Work instructions: Reproduce exactly only the lines from the line that holds "-. Binding : Apparel" to the line that holds "Short Form Deed", inclusive, in the listing below, and please leave out every picture.

Extracted information:
----------
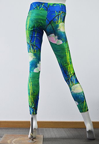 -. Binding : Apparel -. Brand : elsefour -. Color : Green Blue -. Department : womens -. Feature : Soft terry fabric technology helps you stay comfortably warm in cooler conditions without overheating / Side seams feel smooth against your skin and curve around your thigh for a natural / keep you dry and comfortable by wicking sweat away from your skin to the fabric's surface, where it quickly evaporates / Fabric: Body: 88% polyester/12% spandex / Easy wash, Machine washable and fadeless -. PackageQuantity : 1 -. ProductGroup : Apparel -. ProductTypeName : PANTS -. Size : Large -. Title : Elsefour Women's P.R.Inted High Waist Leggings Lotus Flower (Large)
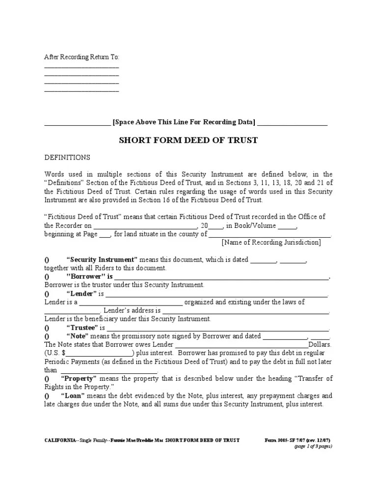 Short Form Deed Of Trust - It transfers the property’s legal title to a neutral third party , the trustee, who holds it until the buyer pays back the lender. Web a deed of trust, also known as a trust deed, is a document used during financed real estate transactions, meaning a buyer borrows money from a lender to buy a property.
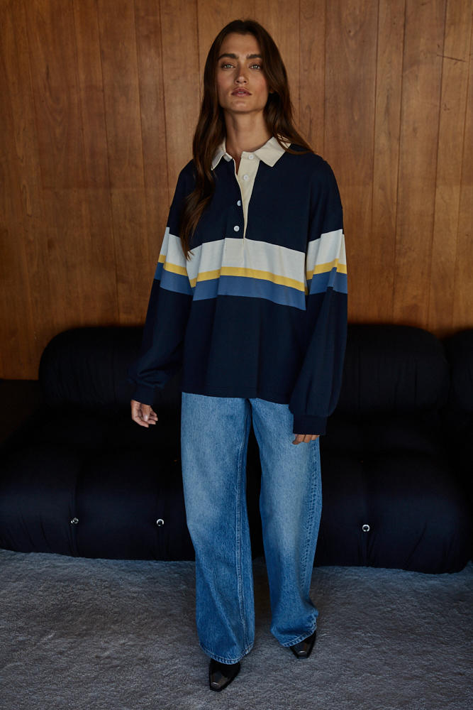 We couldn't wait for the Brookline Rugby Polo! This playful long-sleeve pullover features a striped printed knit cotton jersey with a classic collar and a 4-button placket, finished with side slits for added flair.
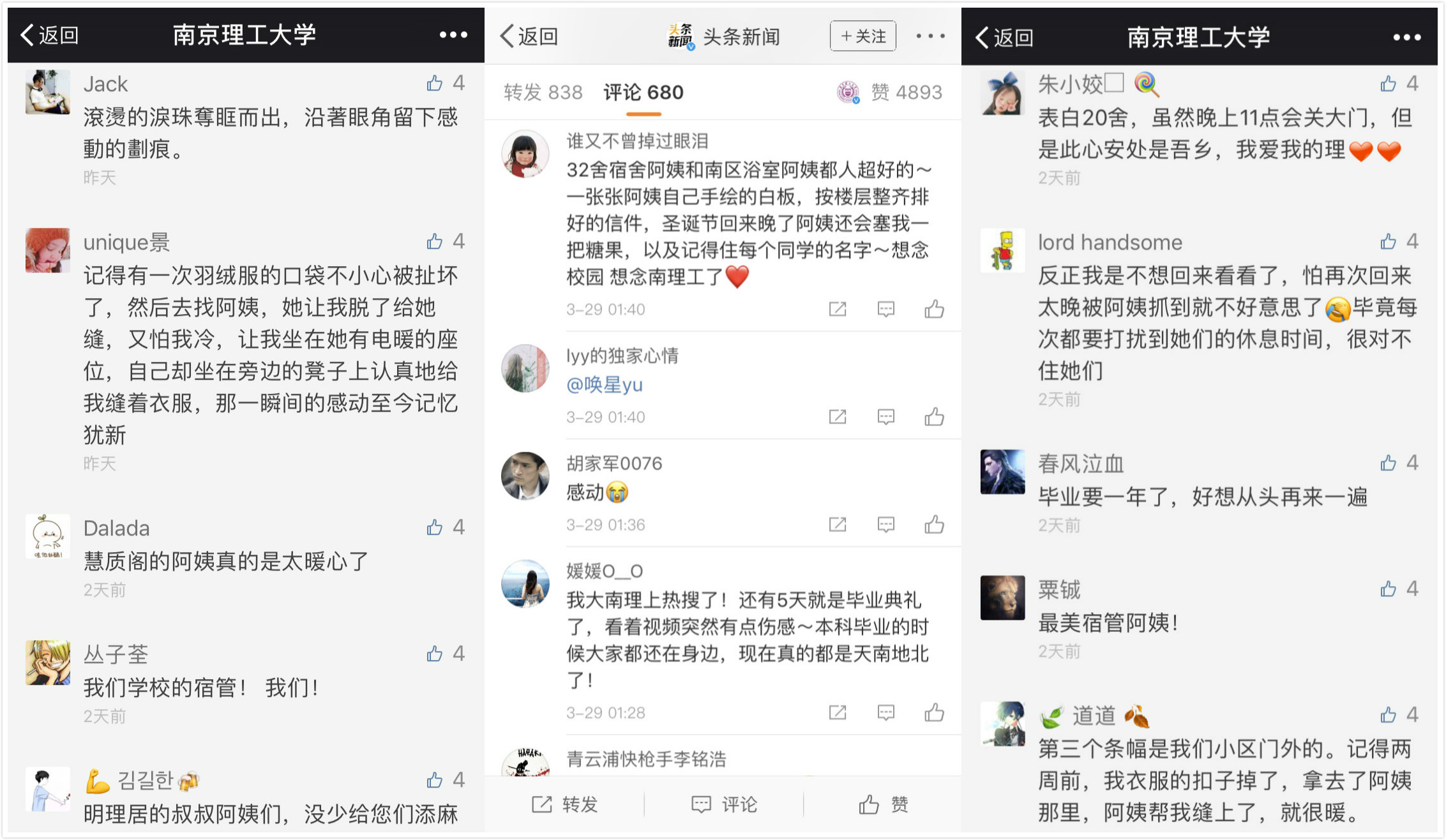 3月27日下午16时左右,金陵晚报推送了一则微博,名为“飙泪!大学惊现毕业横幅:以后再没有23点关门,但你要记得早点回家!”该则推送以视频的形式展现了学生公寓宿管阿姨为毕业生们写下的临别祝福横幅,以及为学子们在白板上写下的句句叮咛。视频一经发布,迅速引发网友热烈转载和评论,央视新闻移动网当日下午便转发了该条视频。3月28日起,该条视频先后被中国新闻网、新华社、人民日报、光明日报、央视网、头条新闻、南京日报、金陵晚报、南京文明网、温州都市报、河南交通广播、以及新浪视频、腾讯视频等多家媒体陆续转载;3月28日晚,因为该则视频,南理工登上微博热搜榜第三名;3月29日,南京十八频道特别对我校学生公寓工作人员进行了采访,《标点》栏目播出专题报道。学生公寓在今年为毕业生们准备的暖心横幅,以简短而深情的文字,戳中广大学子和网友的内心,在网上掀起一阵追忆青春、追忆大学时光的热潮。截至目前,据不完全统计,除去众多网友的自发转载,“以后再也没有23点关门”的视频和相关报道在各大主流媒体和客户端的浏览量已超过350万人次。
----------
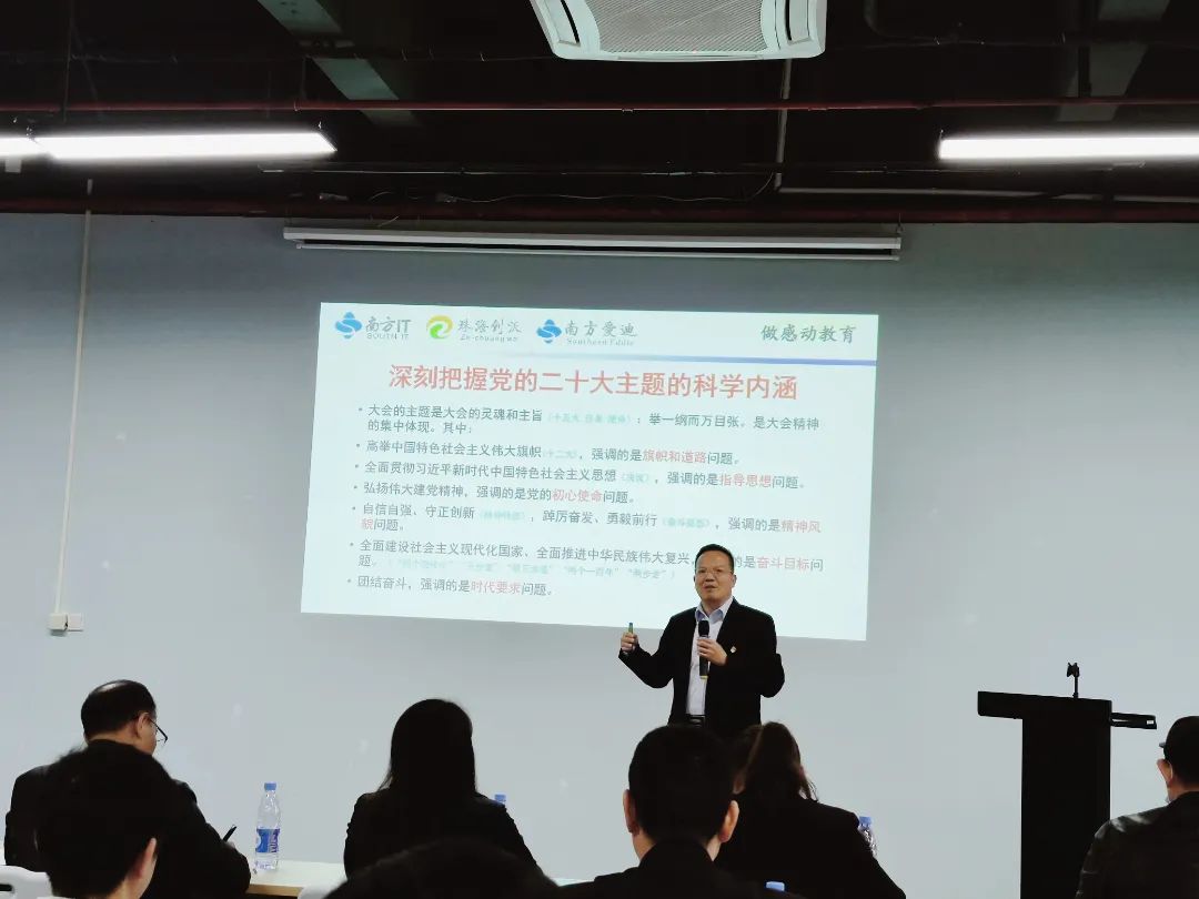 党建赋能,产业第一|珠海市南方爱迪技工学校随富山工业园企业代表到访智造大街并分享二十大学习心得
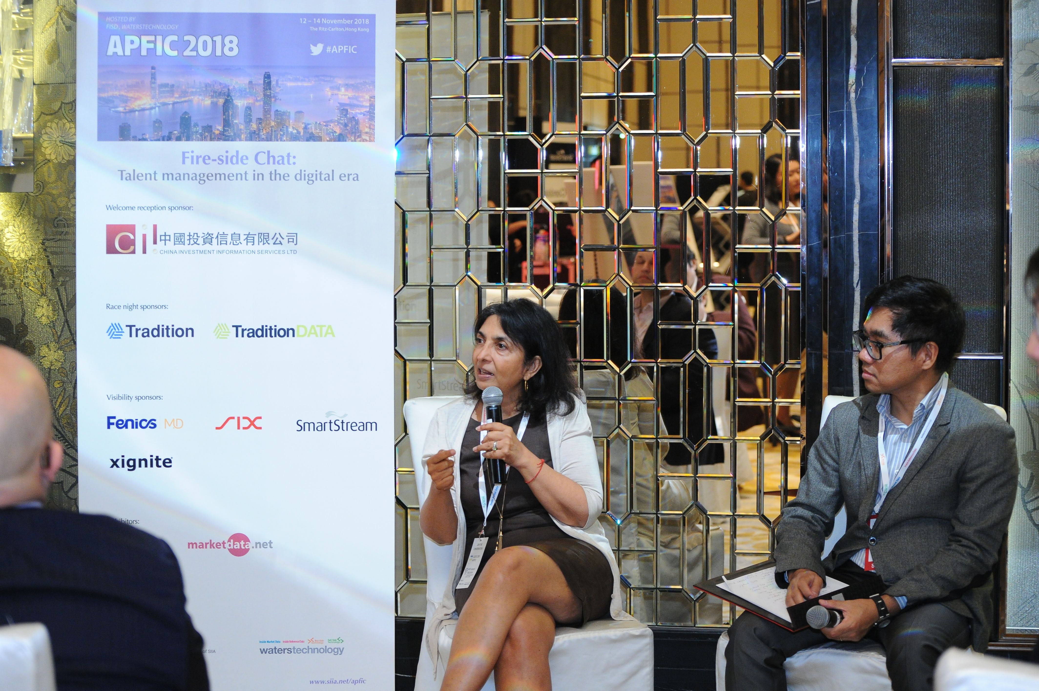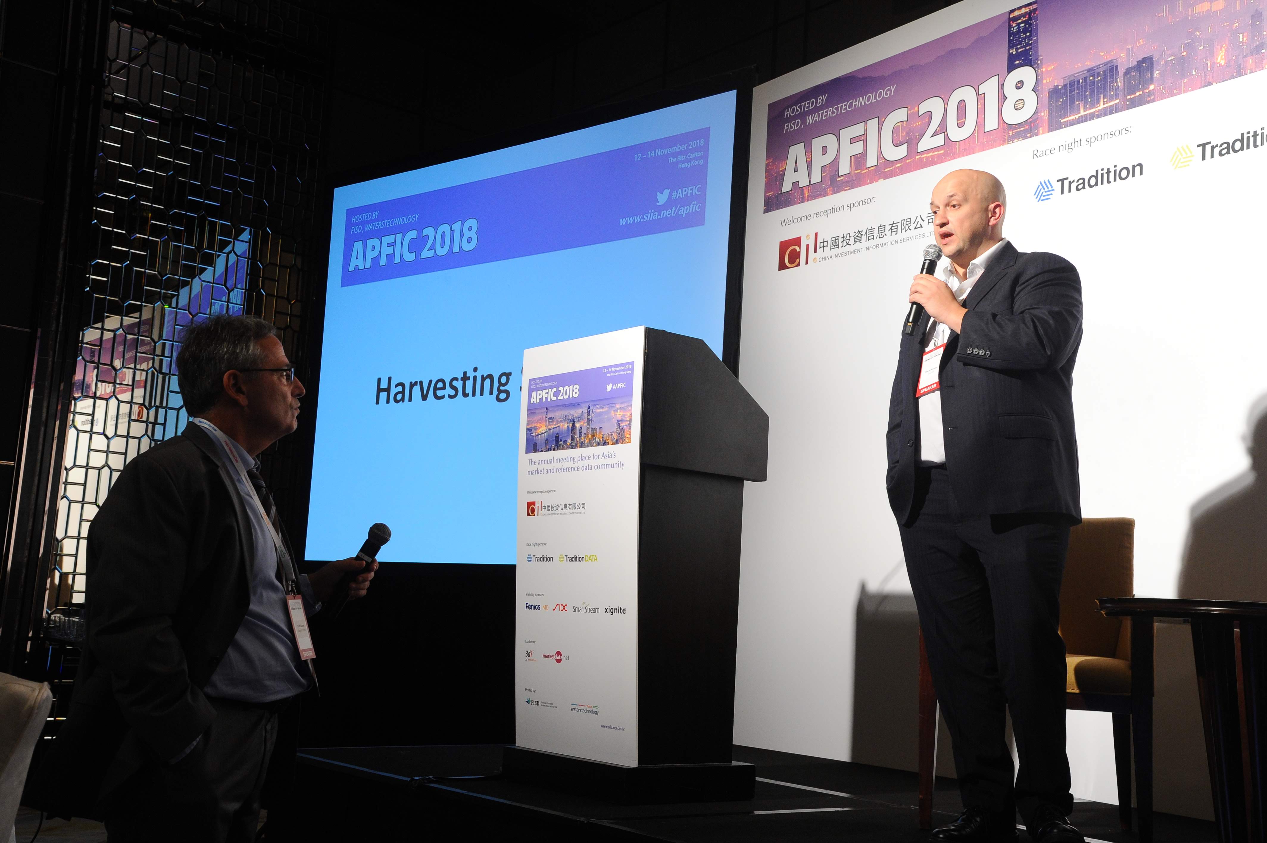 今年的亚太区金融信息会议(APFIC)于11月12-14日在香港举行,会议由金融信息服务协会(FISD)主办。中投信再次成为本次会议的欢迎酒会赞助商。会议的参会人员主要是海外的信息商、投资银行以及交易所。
----------
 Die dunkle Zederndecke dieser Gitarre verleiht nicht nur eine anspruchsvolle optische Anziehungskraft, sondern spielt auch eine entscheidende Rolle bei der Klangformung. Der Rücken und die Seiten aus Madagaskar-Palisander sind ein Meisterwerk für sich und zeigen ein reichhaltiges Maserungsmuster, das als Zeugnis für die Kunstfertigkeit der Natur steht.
----------
Reply to the exercise:
 -. Binding : Apparel -. Brand : elsefour -. Color : Green Blue -. Department : womens -. Feature : Soft terry fabric technology helps you stay comfortably warm in cooler conditions without overheating / Side seams feel smooth against your skin and curve around your thigh for a natural / keep you dry and comfortable by wicking sweat away from your skin to the fabric's surface, where it quickly evaporates / Fabric: Body: 88% polyester/12% spandex / Easy wash, Machine washable and fadeless -. PackageQuantity : 1 -. ProductGroup : Apparel -. ProductTypeName : PANTS -. Size : Large -. Title : Elsefour Women's P.R.Inted High Waist Leggings Lotus Flower (Large)
 Short Form Deed Of Trust - It transfers the property’s legal title to a neutral third party , the trustee, who holds it until the buyer pays back the lender. Web a deed of trust, also known as a trust deed, is a document used during financed real estate transactions, meaning a buyer borrows money from a lender to buy a property.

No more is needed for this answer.